A second benefit is that the number of such processes is not limited by memory constraints, as these processes can have very small memory footprints. They can home in on the data and access it entirely via memory-mapped offset files and data files.

Indexing Expenses

The "no additions or updates" constraint also enables us to benefit from any additional work we may wish to perform during indexing which can save us cycles at query time. So we do. We perform a lot of data manipulation during indexing and store the results of same, in order to optimize query response time.

In particular...

Fast Term Lookup

First, we store all our indexed terms in sorted order, with a small hierarchical set of convenient bookmarks to make homing in on the desired subset very fast.

The sorted storage of the indexed terms gives us excellent spatial locality of reference when looking for common prefixes, and it makes the logic for gathering the set of prefix matches extremely efficient.

Fast Set Operations, No Sorting

Second, we index each result by two different keys, both of which allow for constant-time (O(1)) lookup:

  • popularity rank, and
  • lexical rank, which more or less means "the shorter, the better"

Then, crucially, for each indexed term, we compute and store two separate sets of pre-sorted result keys -- one for each type of rank. That is, for each indexed term, we store:

  • all matching results, sorted by their popularity rank, and
  • all matching results, this time sorted by their lexical rank

Presorting these keys (ranks) is the fundamental source of optimization of the system. It allows us two extremely valuable short-cuts:

  • We can perform set intersection (or union) on ordered sets, an operation which is (better than) linear in the number of results.

  • We need never perform any sorting at all at query time.
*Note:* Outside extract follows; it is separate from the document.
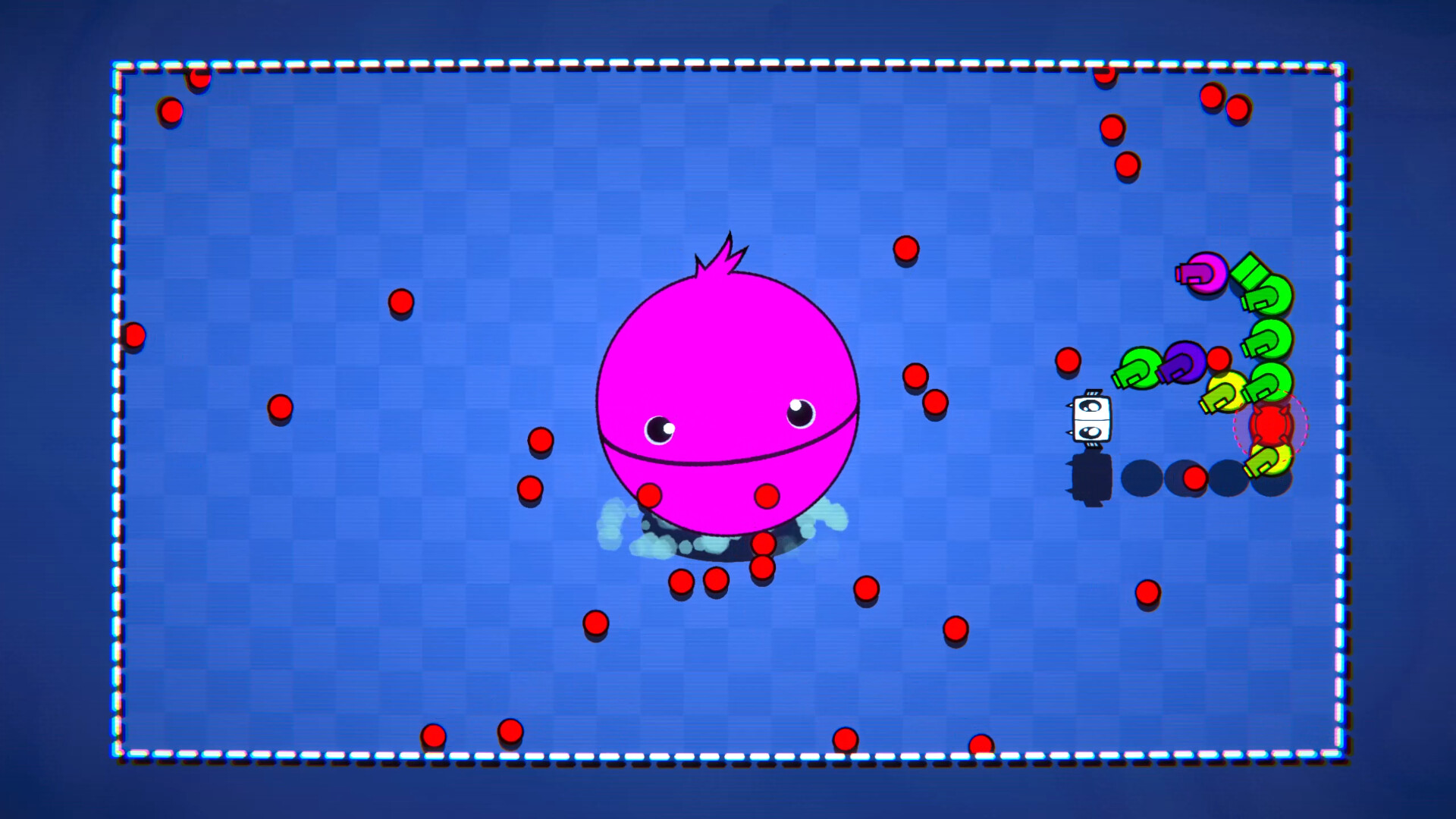 Survive hordes of monsters and bosses while collecting cards that add unique ability upgrades to the body of a small snake Mechaconda.

That's good, because sorting is generally O(n log n).

Directory Layout

In the main dir, there are a number of subdirs:

  • bin - executables (non-test)
  • cfg - configuration files
  • idx - index files (in subdirs)
  • log - LSD log files
  • script - Ruby scripts ( build_all_indices.rb, come_down.rb, drop_acid.rb )
  • src - lib .ml[i] files (and build artefacts)
  • test - test .ml files (and executables)

Deployment

cfg/config.yml

The value of :idx_root_dir must be the MAIELE_ROOT/idx.

idx/

Index files will be created in (subdirs of) this dir. If you're copying from another machine, you'll need to know where to put them.

script/

Commands in this dir must be run from MAIELE_ROOT, thus:

# script/build_all_indices.rb
# script/come_down.rb
# script/drop_acid.rb